Friendship meters – Meet and befriend people around town and they might show up in a fight or toss you an item when you need one. You need to make friends to unlock side quests, its like the Sims.

Leveling up – Leveling up is a chore as it is based on a currency that is much harder to come by. I was not even close to be maxed out.

Drone flying – a lot is initially made of your drone, but unless you plan on racing with it, it only exists for like 3 quests.

Quikstarter – An obvious play on kick starter where you can thrown money at some unlockables. Money is less plentiful in this game than other Yakuza games, and the things you can fund are only there if you want to spend more time with drone racing or more time in VR.

There are probably other things I am forgetting, but that is Judgment in a nut shell. I won’t shy away from it, it will be the lowest ranked game from these creators who I think have struck gold with their other series. There are a lot of reasons why, but this game just feels and plays like a side story compared to the Yakuza proper series. Less side activities, less heat moves, less fighting styles, and a much less interesting main character all make this a much lesser experience. I have “Lost Judgment” and I have seen that they put a few more activities in that game, but any momentum for me to roll right into that game is gone. Now to be clear, this game isn’t bad in that I think this is falling in at the bottom of the list, but rather it is bad if I compare it to other similar games all made by the same studio.
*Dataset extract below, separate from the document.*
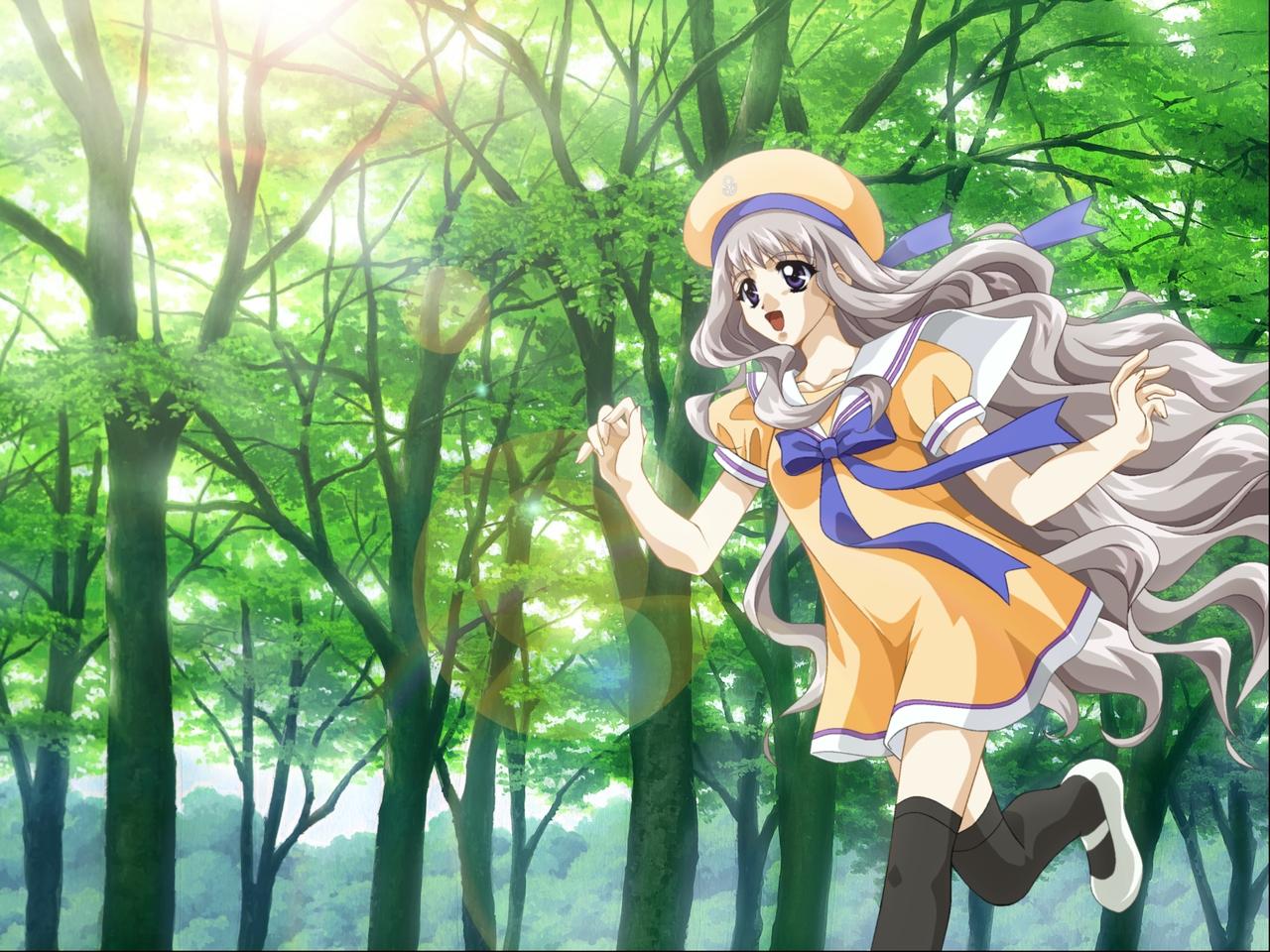 Description: A girl in a yellow dress and hat in a forest with trees and sunlight shining through the trees behind her.
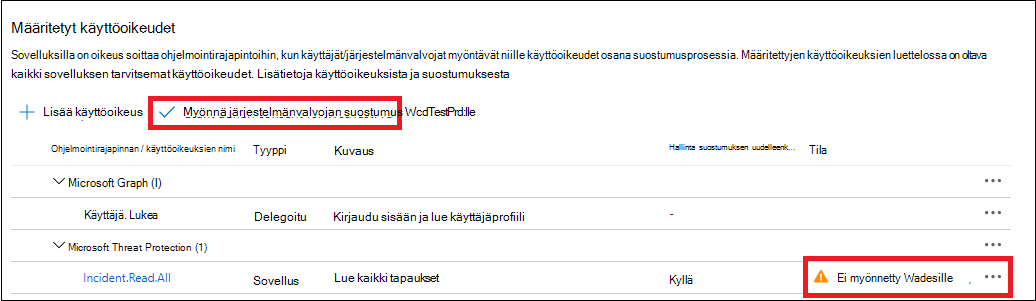 sovelluksen käyttöoikeusruutu Microsoft Defender portaalissa

I still think people can have fun with this game for the $10-15 its being sold at now, but if I am trying to win people over to this type of game.. I am not putting this high on the list to show people first.

Is this the greatest game of all time?: Sorry, no

Where does it rank: Judgment had a fairly negative write-up but I am being harder on it because I care. It needed more variety in its cases, more variety in its side activities, and more variety in fighting. Kiwami games got a pass, because they were remakes of games that came out will before 0, and they can claim they are playing it close to the original. Judgment doesn't get that pass, this game should have had plenty of time to incorporate even just the side activities or heat actions into Judgment, and it opted to not do that. I have it ranked as the 51st Greatest Video Game Of All Time. It sits between #50 Super Mario Party and #52 Rune Factory 4. This is currently out of 158 games, so it is still in the top 3rd of games available, so not at all a big loss, but nothing compared to the 2nd greatest game of all time (Yakuza 0) and the 37th greatest game (Kiwami 2)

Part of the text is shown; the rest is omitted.